▶ PROBLEM REQUIREMENTS: Restate word for word the lines of the material below, from the line with "Brüstungskanalunterteil mit Oberteilbreite" to the line with "Qeyd edilib ki, 1", both lines included, and no others.
── SOURCE DATA
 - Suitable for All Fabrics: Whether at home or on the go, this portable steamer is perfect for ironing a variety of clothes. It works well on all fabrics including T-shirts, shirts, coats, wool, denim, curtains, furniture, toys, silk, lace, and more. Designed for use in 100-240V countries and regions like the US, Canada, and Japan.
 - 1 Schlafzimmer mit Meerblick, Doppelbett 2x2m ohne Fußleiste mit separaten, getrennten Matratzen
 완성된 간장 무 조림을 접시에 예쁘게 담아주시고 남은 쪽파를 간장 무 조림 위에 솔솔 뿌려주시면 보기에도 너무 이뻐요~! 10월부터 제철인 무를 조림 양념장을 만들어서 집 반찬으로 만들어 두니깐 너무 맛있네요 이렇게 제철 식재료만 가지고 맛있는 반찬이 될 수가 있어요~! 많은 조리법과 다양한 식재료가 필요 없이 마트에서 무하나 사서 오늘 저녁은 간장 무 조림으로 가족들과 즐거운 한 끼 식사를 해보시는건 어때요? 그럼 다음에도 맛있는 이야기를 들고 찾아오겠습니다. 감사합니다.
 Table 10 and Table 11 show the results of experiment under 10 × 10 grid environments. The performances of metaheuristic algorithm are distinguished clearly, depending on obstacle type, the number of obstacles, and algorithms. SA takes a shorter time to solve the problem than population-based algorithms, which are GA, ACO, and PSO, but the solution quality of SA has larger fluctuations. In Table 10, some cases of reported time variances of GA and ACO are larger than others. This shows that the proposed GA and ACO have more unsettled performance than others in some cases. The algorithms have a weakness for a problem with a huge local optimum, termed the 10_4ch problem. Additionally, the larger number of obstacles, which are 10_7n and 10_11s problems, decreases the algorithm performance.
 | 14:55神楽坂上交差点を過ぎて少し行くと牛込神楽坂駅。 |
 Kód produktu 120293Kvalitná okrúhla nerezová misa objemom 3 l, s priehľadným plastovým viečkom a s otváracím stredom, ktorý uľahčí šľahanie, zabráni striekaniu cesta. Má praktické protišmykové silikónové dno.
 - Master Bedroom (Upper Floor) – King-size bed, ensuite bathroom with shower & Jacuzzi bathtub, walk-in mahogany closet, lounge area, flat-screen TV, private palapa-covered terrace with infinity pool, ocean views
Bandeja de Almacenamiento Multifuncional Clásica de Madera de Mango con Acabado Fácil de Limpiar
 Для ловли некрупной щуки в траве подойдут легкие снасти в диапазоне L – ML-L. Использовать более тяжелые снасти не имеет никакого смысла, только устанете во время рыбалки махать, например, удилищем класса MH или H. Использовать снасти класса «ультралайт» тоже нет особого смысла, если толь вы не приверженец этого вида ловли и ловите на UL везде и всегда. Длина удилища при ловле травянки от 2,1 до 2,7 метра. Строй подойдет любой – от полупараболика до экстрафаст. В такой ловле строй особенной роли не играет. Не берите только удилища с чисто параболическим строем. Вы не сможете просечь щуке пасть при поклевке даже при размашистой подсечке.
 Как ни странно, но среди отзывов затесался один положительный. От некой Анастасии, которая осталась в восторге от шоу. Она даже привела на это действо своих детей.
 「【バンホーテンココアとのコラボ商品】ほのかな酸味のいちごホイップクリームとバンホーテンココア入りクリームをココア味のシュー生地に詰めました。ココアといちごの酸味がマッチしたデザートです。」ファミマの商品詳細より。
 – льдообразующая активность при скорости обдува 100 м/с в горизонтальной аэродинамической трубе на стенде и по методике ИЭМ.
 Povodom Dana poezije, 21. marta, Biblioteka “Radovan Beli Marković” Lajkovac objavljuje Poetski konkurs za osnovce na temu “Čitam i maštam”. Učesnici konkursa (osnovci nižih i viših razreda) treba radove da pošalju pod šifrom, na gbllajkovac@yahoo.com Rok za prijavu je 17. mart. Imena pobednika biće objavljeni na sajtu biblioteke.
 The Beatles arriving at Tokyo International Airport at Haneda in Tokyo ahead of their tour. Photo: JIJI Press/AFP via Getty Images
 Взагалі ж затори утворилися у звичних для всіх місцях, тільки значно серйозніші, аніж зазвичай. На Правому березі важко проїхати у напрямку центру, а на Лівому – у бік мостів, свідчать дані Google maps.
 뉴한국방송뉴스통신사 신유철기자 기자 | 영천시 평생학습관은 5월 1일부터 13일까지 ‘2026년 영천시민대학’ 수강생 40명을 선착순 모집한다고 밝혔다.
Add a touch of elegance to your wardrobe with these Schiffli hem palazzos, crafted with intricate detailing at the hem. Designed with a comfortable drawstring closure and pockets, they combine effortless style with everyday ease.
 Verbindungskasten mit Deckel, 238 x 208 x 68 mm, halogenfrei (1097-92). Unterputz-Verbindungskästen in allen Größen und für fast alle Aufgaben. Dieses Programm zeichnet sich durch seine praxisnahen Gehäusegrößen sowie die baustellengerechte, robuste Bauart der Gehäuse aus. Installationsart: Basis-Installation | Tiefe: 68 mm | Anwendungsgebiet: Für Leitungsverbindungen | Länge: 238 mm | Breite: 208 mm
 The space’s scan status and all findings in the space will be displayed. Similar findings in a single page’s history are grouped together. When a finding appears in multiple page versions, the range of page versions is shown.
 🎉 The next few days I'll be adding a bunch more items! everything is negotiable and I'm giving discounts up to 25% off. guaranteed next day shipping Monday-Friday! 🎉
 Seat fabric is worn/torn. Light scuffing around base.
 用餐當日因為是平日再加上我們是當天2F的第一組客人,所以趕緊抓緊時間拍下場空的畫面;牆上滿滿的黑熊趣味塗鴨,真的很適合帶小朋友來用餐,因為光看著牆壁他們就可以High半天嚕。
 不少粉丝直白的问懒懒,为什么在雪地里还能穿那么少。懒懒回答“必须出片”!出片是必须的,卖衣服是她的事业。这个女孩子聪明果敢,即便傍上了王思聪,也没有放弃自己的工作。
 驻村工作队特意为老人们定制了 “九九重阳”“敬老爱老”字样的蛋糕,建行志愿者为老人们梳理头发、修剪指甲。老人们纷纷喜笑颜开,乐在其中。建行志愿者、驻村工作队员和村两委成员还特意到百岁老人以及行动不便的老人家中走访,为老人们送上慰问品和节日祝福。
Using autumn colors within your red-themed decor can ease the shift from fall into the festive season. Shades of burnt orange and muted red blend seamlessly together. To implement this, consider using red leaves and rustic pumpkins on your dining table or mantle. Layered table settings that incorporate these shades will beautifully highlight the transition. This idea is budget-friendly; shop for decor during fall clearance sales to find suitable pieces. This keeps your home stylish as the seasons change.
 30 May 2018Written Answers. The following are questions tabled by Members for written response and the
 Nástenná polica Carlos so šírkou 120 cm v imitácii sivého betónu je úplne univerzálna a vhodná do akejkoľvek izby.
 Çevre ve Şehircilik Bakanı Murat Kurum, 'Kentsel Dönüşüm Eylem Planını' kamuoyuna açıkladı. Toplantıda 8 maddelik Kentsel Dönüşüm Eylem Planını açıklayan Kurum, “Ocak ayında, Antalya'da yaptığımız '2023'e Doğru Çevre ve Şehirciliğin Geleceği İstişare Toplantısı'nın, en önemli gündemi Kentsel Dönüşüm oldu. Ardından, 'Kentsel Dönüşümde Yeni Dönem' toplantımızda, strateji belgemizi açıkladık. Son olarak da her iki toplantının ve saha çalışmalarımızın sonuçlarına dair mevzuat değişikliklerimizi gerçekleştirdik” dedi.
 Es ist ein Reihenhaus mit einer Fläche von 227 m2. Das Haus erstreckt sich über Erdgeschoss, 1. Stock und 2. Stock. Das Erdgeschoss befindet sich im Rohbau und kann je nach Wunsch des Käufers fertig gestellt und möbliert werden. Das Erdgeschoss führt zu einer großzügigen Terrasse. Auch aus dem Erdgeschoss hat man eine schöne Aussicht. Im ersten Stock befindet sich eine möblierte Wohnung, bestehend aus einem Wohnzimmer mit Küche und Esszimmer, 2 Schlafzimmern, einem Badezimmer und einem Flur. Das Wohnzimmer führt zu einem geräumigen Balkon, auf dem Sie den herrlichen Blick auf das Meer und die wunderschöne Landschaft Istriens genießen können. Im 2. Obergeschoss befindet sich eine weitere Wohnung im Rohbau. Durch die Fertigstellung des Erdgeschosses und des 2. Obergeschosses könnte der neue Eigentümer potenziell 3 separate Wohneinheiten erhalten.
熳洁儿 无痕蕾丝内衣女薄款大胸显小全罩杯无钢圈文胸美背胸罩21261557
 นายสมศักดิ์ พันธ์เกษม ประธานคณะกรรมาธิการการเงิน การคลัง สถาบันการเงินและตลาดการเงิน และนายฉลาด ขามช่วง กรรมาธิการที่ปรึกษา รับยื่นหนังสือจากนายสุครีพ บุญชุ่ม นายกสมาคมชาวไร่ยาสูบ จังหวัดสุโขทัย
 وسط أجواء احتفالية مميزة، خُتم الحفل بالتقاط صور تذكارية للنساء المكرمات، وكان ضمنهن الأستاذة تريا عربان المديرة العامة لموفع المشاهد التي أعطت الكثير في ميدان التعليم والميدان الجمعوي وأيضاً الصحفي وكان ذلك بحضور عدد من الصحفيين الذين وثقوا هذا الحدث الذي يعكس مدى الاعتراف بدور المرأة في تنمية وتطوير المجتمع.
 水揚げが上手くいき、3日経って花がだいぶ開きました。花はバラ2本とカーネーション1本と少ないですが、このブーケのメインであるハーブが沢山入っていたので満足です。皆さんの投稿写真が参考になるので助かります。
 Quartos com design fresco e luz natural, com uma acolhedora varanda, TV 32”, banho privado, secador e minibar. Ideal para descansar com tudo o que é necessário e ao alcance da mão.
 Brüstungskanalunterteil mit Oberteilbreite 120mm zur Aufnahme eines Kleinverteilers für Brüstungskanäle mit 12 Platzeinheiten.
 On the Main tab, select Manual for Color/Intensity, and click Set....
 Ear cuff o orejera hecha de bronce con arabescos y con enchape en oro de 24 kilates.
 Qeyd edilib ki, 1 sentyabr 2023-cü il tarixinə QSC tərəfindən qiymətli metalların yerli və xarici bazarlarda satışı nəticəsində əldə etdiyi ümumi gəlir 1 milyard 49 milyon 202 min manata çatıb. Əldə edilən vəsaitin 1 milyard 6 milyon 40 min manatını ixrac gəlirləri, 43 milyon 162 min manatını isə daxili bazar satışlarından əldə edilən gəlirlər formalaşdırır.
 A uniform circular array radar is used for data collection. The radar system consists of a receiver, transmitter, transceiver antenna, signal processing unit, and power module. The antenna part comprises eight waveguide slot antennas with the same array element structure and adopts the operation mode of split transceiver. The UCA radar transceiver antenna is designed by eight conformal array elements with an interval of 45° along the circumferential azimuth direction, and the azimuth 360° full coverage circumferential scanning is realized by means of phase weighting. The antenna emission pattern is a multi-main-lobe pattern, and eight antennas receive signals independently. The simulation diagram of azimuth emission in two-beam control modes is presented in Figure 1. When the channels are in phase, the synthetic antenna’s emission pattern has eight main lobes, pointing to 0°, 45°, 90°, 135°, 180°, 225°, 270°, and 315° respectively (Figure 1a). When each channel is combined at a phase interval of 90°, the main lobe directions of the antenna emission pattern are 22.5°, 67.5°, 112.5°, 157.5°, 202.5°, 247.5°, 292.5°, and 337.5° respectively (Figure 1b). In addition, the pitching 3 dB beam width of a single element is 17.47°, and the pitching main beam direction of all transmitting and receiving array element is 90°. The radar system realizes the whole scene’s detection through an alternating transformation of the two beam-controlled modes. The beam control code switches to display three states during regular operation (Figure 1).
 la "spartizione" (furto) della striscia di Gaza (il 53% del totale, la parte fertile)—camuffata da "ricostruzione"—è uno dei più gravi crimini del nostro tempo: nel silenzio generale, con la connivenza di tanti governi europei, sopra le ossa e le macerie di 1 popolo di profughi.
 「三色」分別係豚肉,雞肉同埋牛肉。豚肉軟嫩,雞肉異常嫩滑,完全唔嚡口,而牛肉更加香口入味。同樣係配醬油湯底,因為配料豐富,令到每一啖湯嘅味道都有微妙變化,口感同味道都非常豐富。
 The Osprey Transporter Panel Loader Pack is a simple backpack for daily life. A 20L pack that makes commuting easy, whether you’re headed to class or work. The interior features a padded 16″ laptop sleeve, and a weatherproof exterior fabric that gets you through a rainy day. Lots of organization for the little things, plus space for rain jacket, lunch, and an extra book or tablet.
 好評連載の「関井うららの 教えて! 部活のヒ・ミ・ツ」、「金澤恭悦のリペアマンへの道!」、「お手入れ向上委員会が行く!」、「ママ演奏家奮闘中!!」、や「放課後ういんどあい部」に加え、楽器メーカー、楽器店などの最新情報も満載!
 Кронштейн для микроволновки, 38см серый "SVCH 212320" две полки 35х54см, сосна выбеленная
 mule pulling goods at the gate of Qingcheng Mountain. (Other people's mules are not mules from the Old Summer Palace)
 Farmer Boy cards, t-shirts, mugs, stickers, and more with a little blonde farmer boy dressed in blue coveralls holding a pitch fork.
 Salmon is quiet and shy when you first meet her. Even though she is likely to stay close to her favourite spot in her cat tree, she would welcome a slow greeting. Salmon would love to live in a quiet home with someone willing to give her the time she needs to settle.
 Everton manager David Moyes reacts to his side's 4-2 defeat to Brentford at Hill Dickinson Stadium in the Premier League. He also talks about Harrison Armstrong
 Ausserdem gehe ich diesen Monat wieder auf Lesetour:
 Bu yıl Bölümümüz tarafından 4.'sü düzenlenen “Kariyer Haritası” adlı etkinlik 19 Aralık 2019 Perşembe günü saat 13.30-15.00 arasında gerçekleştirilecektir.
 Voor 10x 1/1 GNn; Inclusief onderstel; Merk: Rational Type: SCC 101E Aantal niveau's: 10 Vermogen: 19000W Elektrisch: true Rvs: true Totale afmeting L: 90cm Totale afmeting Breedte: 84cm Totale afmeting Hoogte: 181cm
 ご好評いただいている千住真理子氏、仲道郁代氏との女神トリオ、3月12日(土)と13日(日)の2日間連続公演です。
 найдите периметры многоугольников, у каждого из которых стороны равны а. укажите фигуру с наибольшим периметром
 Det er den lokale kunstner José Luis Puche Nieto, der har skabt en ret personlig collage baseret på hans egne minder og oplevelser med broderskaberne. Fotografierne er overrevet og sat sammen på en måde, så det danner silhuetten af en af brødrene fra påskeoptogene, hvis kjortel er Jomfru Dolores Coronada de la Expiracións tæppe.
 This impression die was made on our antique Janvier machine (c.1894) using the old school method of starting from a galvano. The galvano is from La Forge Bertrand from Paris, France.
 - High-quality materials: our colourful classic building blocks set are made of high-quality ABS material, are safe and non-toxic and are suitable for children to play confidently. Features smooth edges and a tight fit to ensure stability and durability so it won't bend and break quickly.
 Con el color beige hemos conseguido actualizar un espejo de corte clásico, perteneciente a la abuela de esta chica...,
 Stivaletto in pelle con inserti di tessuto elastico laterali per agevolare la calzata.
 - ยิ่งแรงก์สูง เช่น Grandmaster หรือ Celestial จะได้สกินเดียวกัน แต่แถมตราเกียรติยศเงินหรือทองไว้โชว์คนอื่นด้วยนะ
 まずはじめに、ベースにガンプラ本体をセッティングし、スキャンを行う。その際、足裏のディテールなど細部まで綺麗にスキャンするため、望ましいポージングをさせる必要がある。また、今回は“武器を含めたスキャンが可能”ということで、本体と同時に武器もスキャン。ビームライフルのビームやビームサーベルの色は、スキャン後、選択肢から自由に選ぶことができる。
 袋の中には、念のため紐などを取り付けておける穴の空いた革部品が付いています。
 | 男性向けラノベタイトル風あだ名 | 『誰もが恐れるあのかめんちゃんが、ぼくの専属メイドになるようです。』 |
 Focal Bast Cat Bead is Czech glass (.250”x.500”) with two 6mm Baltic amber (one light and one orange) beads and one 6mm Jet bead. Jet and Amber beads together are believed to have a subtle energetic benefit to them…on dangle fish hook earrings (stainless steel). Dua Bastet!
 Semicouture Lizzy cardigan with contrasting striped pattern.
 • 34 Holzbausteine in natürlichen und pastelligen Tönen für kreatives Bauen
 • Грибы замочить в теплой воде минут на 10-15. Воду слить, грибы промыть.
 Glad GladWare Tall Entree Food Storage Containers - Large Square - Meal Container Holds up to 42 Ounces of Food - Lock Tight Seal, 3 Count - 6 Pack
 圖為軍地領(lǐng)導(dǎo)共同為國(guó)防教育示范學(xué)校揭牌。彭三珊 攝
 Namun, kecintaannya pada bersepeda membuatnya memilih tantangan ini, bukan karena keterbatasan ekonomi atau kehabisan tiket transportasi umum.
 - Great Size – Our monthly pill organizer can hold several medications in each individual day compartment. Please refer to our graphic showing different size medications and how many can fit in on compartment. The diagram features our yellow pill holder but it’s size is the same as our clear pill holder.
────
▶ SOLUTION TO THE PROBLEM:
 Brüstungskanalunterteil mit Oberteilbreite 120mm zur Aufnahme eines Kleinverteilers für Brüstungskanäle mit 12 Platzeinheiten.
 On the Main tab, select Manual for Color/Intensity, and click Set....
 Ear cuff o orejera hecha de bronce con arabescos y con enchape en oro de 24 kilates.
 Qeyd edilib ki, 1 sentyabr 2023-cü il tarixinə QSC tərəfindən qiymətli metalların yerli və xarici bazarlarda satışı nəticəsində əldə etdiyi ümumi gəlir 1 milyard 49 milyon 202 min manata çatıb. Əldə edilən vəsaitin 1 milyard 6 milyon 40 min manatını ixrac gəlirləri, 43 milyon 162 min manatını isə daxili bazar satışlarından əldə edilən gəlirlər formalaşdırır.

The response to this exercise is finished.